Интересно, она хоть немного поспала? Помылась? Или шастает от хижины к хижине, перемазанная в крови?
— Вы вспомнили? — Вопрос дался Глендауэру тяжело, будто он ножом выдрал его изо рта.
— Беседу? — Олеандр снова выдохнул и подхватил чашу. Ее прохлада остужала жар тела и мыслей. — Вспомнил. Но если ты на что-то намекал, я ничего не понял. Будь добр, изъяснись прозрачнее.
— Азалия жива.
Повисла тишина. Олеандр поднес чашу к губам и сделал глоток, смачивая пересохшее горло.
— М-м, — протянул он. — Так вот ты к чему вёл…
— Не сочтите за предвзятость, — журчал Глендауэр, очутившись рядом и уложив ладонь ему на плечо, — но почерк злодеяний отдает суматошностью. Поистине девичьей суматошностью, ежели дозволите. Сынам Льда и Стали не пристало вершить месть столь картинно.
Да. Олеандр и сам приходил к выводу, что Каладиум действует чересчур показушно.
— Почему отец ваш ускользнул от ответа? — Глендауэр, крутанувшись вокруг себя, выступил слева.
И под взглядом его, подернутым морозно-ледяной коркой, Олеандр прошибли пот и дрожь.
— Прежде я думал, — голос дрогнул, — что он просто не захотел рассказывать, как убил сестру. Ну правда! Кому такое пришлось бы по нраву? Разве что отъявленным изуверам. Какой бы Азалия ни уродилась, где бы ни оступилась, для моего отца она — родная кровь.
— Истинно. — Глендауэр щелкнул на него пальцами и сел рядом, упершись локтями в стол. — Азалия приходится владыке Антуриуму сведеницей. Сестрицей, ежели слово то вам на слух привычнее. Сестрицей, кою он оберегал от ярости Стального Шипа, рискуя лишиться приязни его, а то и с жизнью распрощаться…
…Оберегал, а потом убил, — проскочила в сознании Олеандра мысль, поддетая крючком противоречия.
— …Я беседовал с океанидами, — продолжал Глендауэр. — И вызнал, что правителя Антуриума и Азалию отрезало от сражавшихся.
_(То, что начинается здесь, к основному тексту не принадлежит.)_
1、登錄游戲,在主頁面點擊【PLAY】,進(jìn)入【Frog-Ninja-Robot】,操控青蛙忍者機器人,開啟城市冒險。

Воочию её смерть никто не видел. Отец ваш удостоил взорам выживших лишь изуродованное тело.
— Считаешь, он выдал случайный труп за труп сестры? — Олеандр вскочил и зашагал из угла и угол.
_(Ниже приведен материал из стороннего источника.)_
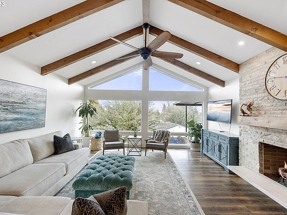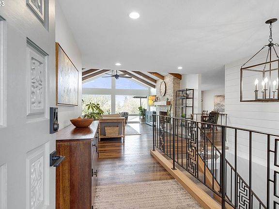 This is a great place to be, a rare West Linn find. Located on a corner lot where the streets are lined with sidewalks and trees, the home is within pedestrian range of the Palomino Loop Trail and a short car ride to Mary S Young State Park. Amazing views of Mt Hood create a "staycation" feel. With fencing in the rear, the large yard offers room for enjoyment. The meticulously maintained covered deck is the perfect platform for the resident rockstar chef. Your outdoor furniture transforms the space into an extension of the home, ideal for socializing, or for relaxing after a successful day. Inside, the home offers a surplus of comforts. Hardwoods provide warm flooring in the entryway, living areas, and kitchen, reflecting bounteous natural light. The 2 crackling fireplaces will lend warmth to many gatherings. The large kitchen is a delightful arrangement of inspiring counter space and major appliances. A classic island configuration maximizes workspace and flexibility. Conveniently located on the main-floor, the primary bedroom offers tranquility at the end of the day. In addition to the convenience of the private bathroom with a walk-in shower, you will find plenty of walk-in closet space to let your wardrobe breathe. The other spacious 5 bedrooms, with plenty of closet space, offer privacy and elbow room. A driveway with ample accommodation for visiting vehicles leads to an attached three-car garage that is available for its original purpose, or you can get creative by treating it as additional flex space. The finished walkout basement has a huge bonus space with a mini-kitchen as well as a family room, large craft room, 3 of the bedrooms, a full bathroom, and plenty of storage. It can easily be used as guest quarters or multi generational living. Don't let this be the one that got away.

— Вероятно, — Глендауэр кивнул. — Он желал спасти сестру, Малахит. Желал спасти, зная, что она породила вырожденцев. Истинно, он не остановил бой, дозволил хранителям умертвить её детей. Но Азалию он пощадил. Всё сходится. Подписи на судных листах…
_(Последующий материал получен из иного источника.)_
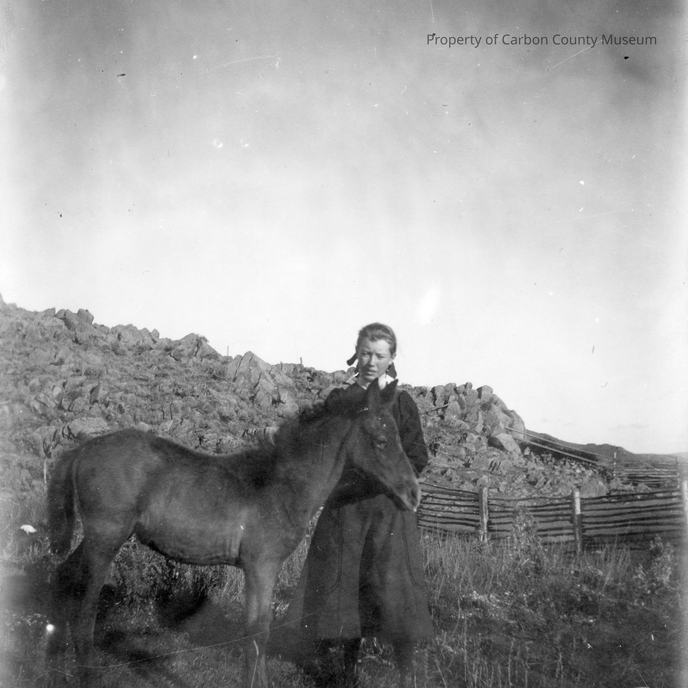Update 1/2010: Black and white contact print. Snapshot made from glass plate negative, Box 11 No 100. Image of a young girl standing behind the head and neck of a dark colt. Colt and girl are standing on a grassy area with a rail fence and rocky hill in the background. She is wearing a dark dress with a light collar. Her hat appears to be on the ground right.

…А. — правитель клана дриад.
Претензия на власть по праву рождения. Двукровные отродья, которых Азалия грезила приручить. Причастность к смуте Каладиума, желавшего на ней жениться. Уход Аспарагуса, который тоже питал к ней недвусмысленные чувства. Эсфирь, поведавшая, что у спасительницы золотые глаза.
И еще много-много кусочков, которые Олеандр уже складывал в стрелку, указующую на тётку. Но потом вышвырнул, сочтя их иссохшими зернами, непригодным к проращиванию.
— Проклятие!
Осознание пронеслось по телу разрядами, и живот прилип к спине от накатившей дурноты. Олеандр шлепнулся на подушку. Подтянул колено к груди и уткнулся в него лбом.
— Будьте любезны, — резанул по слуху холодный голос, — отоприте врата в пристанище мёртвых.